§ Assigned task:
Take the lines below from the one with "аметисти и циркони." through the one with "Χειροποίητο σετ μενταγιόν" and print only them, exactly. Don't print the pictures.

§ Dataset entries:
*** Block opens ***

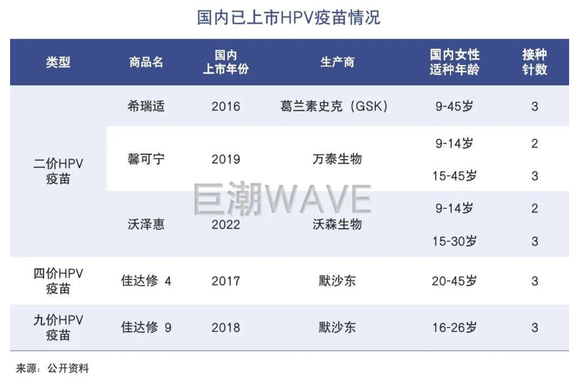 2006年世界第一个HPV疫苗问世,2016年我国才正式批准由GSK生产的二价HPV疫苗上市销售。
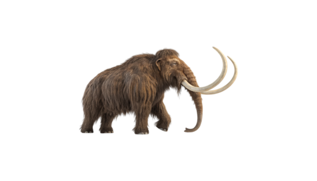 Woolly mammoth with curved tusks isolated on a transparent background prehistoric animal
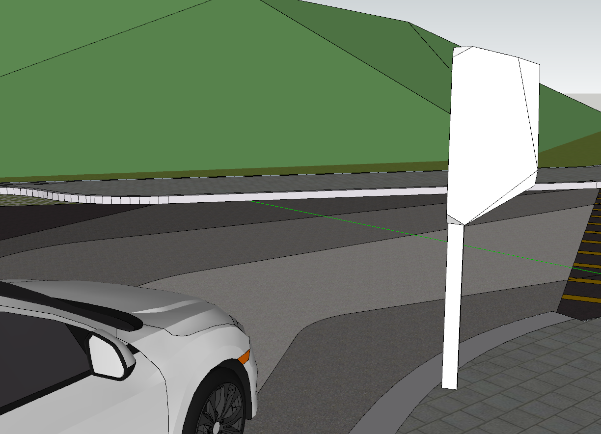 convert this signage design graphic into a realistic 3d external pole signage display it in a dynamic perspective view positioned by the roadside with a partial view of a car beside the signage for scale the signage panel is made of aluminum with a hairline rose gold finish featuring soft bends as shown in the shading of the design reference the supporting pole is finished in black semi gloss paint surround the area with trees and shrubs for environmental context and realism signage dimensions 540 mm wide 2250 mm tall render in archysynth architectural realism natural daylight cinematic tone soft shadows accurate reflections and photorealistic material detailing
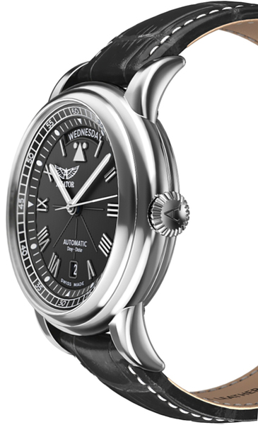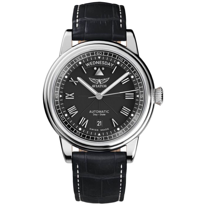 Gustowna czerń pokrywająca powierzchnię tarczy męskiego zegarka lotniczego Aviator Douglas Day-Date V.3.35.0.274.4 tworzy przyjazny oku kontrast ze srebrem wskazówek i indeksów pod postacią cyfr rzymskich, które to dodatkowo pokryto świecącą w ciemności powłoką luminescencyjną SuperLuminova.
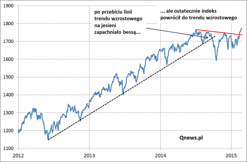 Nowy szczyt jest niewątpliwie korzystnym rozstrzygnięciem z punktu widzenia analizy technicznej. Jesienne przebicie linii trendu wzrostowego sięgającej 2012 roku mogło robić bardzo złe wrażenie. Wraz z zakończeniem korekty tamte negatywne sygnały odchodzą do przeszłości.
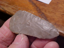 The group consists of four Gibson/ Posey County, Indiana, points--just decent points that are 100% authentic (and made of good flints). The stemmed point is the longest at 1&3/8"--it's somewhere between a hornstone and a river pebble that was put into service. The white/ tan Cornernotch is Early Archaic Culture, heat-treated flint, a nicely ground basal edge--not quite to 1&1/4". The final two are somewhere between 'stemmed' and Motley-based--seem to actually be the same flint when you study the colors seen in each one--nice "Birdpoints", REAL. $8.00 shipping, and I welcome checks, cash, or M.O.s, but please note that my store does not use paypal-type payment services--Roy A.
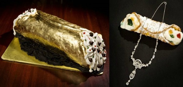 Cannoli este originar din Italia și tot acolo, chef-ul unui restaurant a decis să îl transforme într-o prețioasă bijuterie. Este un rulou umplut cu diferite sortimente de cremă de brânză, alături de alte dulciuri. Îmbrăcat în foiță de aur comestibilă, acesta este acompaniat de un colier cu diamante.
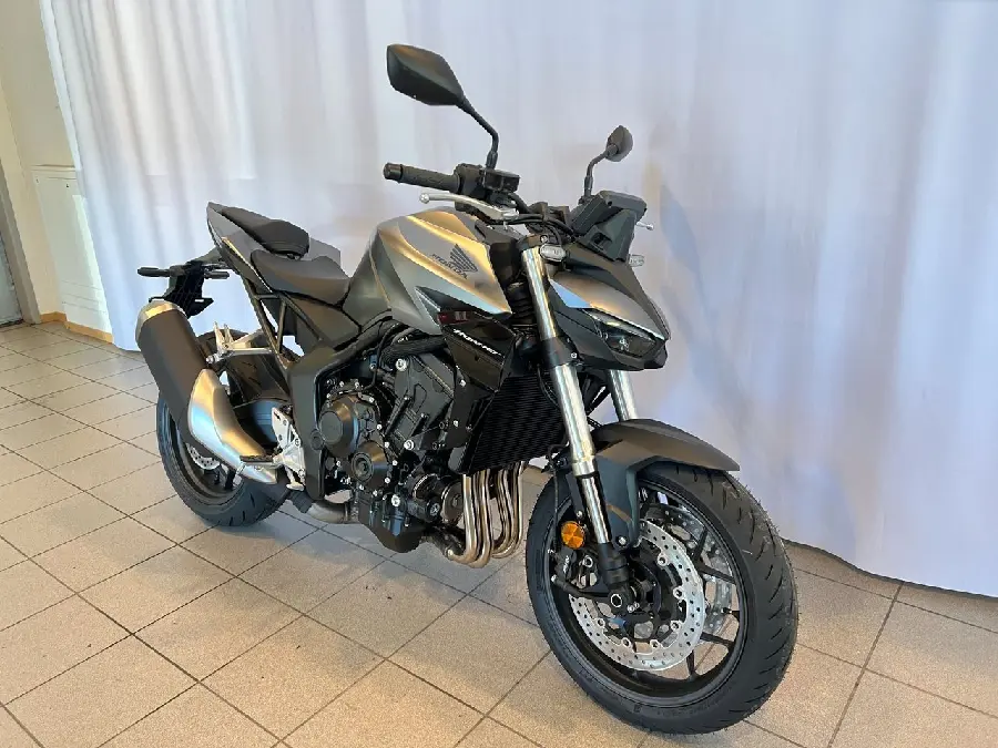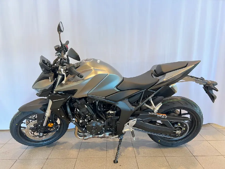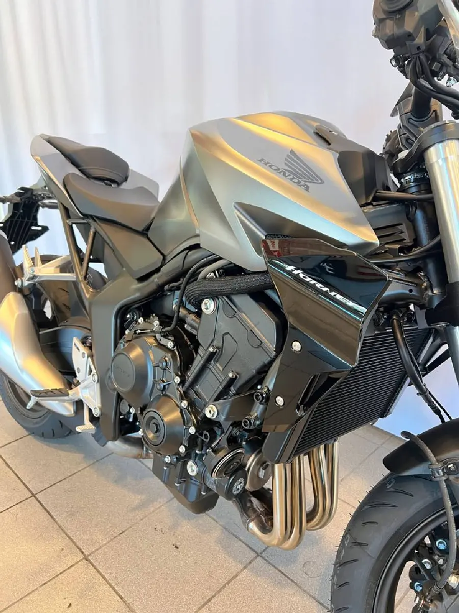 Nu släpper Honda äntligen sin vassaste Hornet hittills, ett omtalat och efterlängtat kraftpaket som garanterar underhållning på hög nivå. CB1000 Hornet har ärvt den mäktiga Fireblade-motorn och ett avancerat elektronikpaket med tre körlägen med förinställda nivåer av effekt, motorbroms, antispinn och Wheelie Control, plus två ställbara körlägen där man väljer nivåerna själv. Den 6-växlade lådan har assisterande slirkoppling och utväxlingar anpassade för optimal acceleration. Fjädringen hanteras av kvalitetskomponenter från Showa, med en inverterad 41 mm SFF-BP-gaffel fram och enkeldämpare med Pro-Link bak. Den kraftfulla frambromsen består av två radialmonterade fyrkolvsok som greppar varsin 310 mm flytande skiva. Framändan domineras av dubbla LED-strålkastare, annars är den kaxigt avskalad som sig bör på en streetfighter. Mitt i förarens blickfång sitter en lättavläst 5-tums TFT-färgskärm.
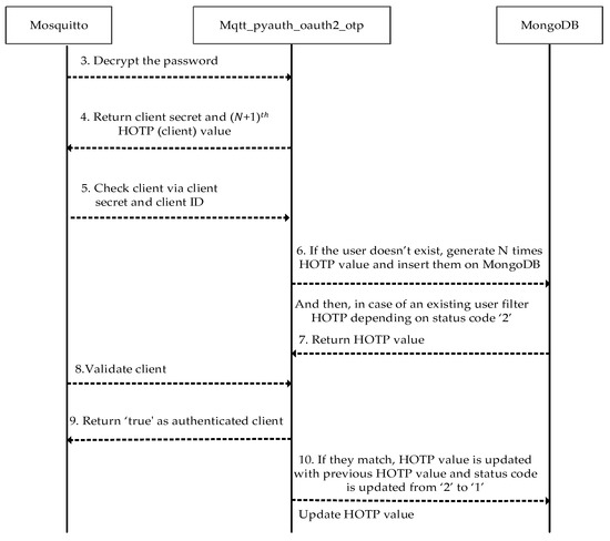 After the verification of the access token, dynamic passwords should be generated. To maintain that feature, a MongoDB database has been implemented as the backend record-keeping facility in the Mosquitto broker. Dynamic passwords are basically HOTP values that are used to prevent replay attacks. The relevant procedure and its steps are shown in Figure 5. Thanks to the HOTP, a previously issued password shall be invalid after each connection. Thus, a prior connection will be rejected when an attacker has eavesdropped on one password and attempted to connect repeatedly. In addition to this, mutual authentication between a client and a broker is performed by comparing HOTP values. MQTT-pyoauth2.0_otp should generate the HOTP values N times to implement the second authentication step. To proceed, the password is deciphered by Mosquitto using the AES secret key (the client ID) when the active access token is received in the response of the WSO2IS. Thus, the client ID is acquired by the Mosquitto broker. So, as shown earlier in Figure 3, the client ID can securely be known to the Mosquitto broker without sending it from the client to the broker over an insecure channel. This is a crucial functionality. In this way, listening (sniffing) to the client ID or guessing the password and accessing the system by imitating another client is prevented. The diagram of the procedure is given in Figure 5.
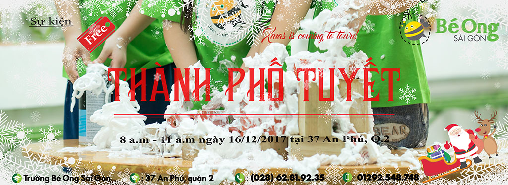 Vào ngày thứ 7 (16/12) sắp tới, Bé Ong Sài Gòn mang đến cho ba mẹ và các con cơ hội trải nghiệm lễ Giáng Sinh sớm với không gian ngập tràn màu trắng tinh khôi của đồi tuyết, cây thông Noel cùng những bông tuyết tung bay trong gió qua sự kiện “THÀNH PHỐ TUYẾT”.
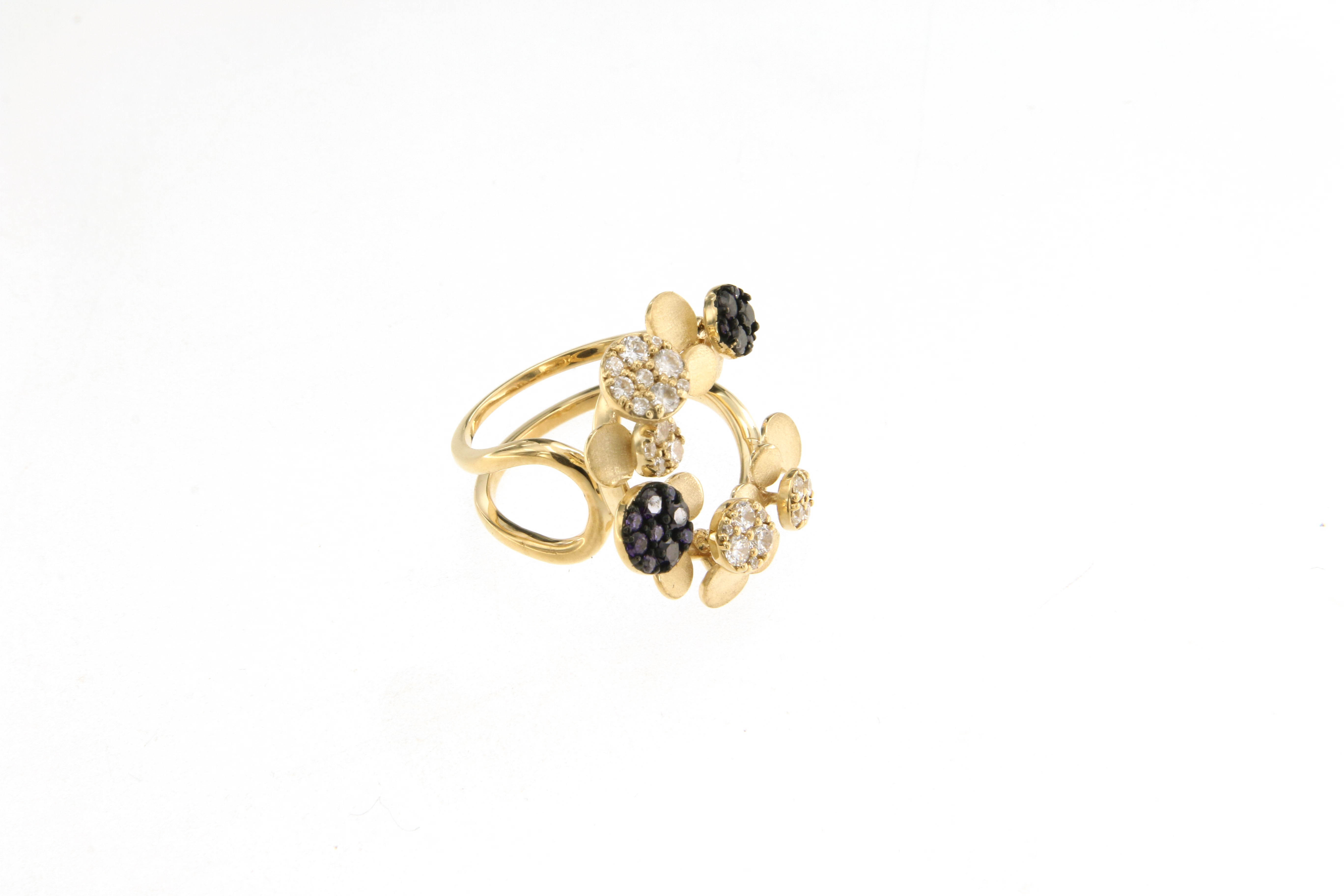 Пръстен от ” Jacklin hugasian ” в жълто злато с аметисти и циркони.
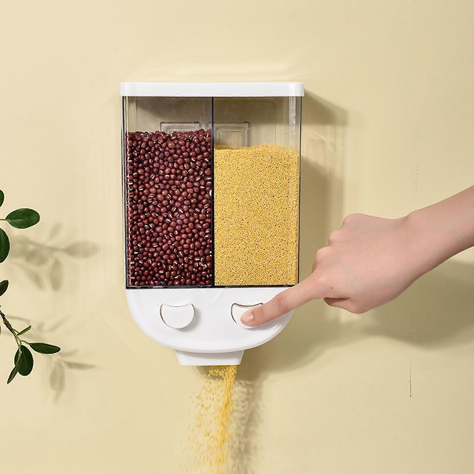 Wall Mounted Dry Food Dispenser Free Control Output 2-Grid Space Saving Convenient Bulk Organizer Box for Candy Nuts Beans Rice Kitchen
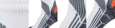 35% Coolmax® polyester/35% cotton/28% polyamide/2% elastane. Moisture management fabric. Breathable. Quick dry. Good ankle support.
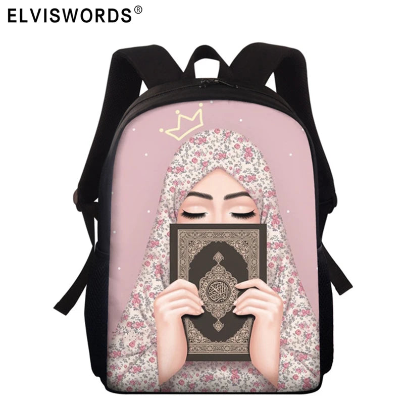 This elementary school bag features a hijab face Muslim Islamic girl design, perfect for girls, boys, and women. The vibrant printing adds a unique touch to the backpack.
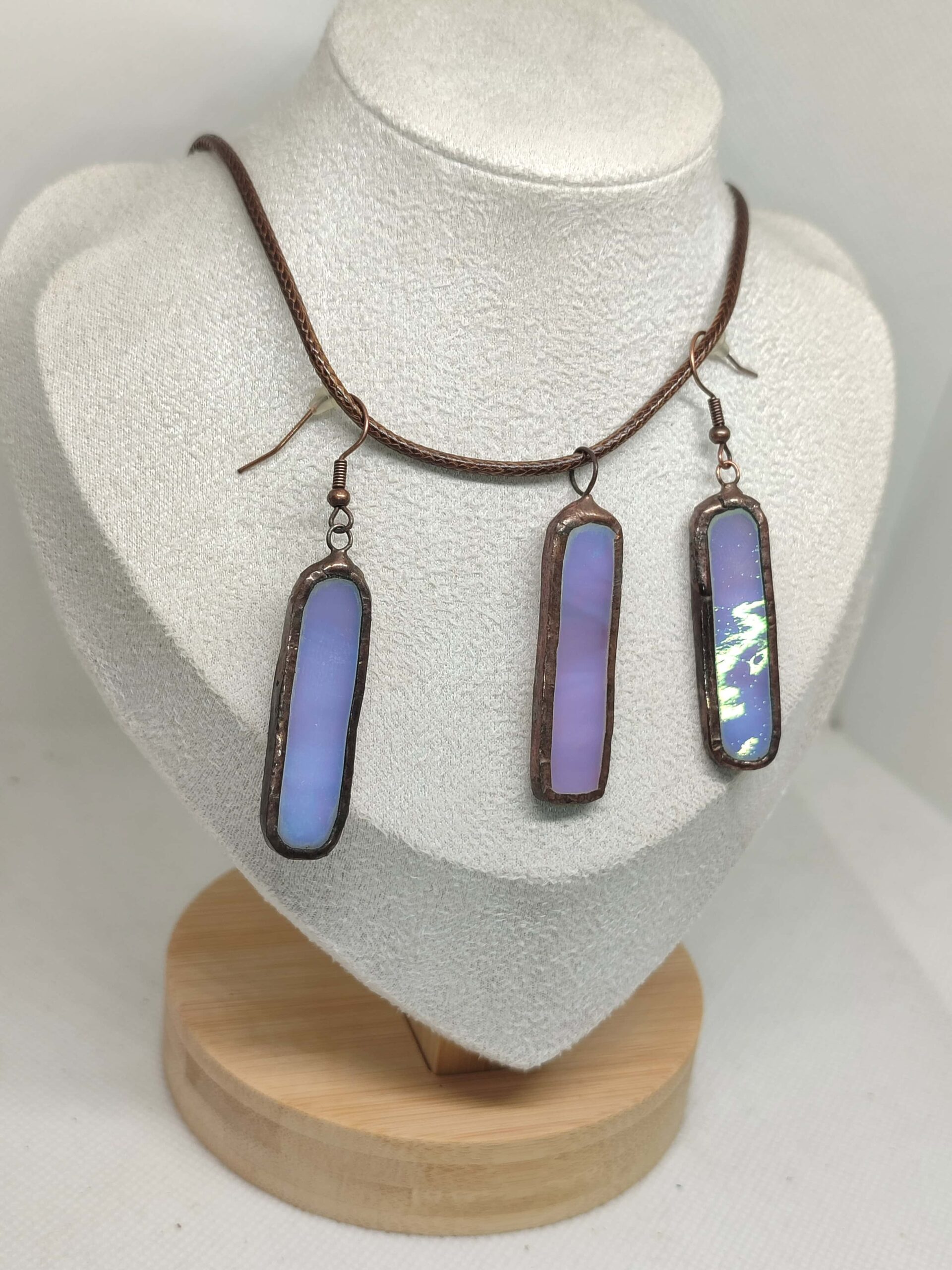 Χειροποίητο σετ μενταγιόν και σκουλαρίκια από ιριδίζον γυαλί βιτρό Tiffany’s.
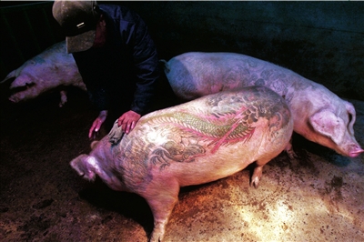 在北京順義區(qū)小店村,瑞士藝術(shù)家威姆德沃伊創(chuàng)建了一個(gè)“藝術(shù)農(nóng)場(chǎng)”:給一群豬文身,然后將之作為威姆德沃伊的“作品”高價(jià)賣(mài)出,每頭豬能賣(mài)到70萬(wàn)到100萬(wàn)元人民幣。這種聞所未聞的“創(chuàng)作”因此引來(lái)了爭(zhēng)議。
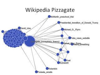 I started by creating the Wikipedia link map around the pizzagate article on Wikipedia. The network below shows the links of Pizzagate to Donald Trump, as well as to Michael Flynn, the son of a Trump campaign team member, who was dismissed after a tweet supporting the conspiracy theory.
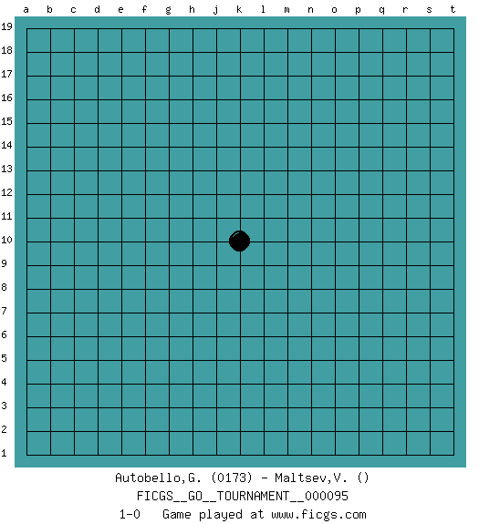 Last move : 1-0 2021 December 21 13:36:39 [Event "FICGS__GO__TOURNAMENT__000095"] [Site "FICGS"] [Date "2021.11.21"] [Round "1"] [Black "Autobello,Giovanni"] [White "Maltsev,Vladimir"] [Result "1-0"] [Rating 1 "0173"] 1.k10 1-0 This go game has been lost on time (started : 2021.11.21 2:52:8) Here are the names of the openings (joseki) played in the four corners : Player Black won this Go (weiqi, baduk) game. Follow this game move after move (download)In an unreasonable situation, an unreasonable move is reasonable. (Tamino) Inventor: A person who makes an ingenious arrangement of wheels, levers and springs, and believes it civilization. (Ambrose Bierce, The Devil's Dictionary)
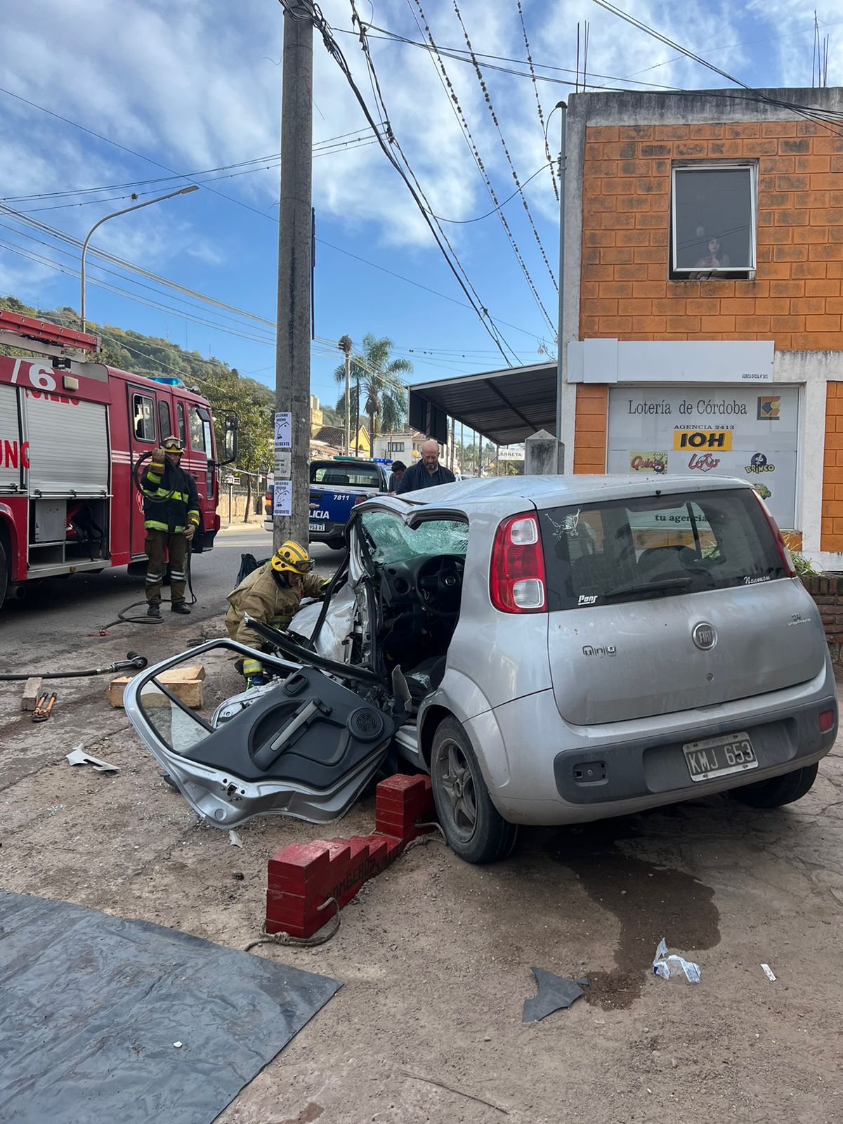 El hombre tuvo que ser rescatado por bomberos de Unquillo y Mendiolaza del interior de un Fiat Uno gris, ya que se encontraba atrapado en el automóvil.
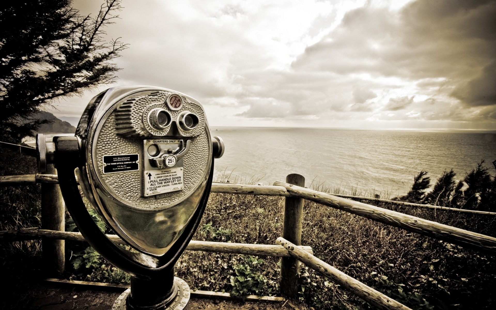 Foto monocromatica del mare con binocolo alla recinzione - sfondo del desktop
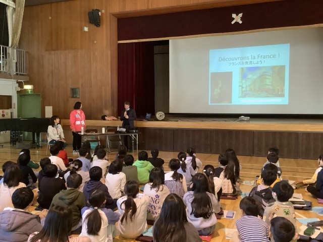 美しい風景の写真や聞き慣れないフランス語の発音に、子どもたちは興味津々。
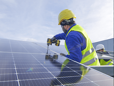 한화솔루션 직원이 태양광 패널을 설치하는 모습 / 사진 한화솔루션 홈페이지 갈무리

*** Block closes ***

§ Response for this exercise:
 Пръстен от ” Jacklin hugasian ” в жълто злато с аметисти и циркони.
 Wall Mounted Dry Food Dispenser Free Control Output 2-Grid Space Saving Convenient Bulk Organizer Box for Candy Nuts Beans Rice Kitchen
 35% Coolmax® polyester/35% cotton/28% polyamide/2% elastane. Moisture management fabric. Breathable. Quick dry. Good ankle support.
 This elementary school bag features a hijab face Muslim Islamic girl design, perfect for girls, boys, and women. The vibrant printing adds a unique touch to the backpack.
 Χειροποίητο σετ μενταγιόν και σκουλαρίκια από ιριδίζον γυαλί βιτρό Tiffany’s.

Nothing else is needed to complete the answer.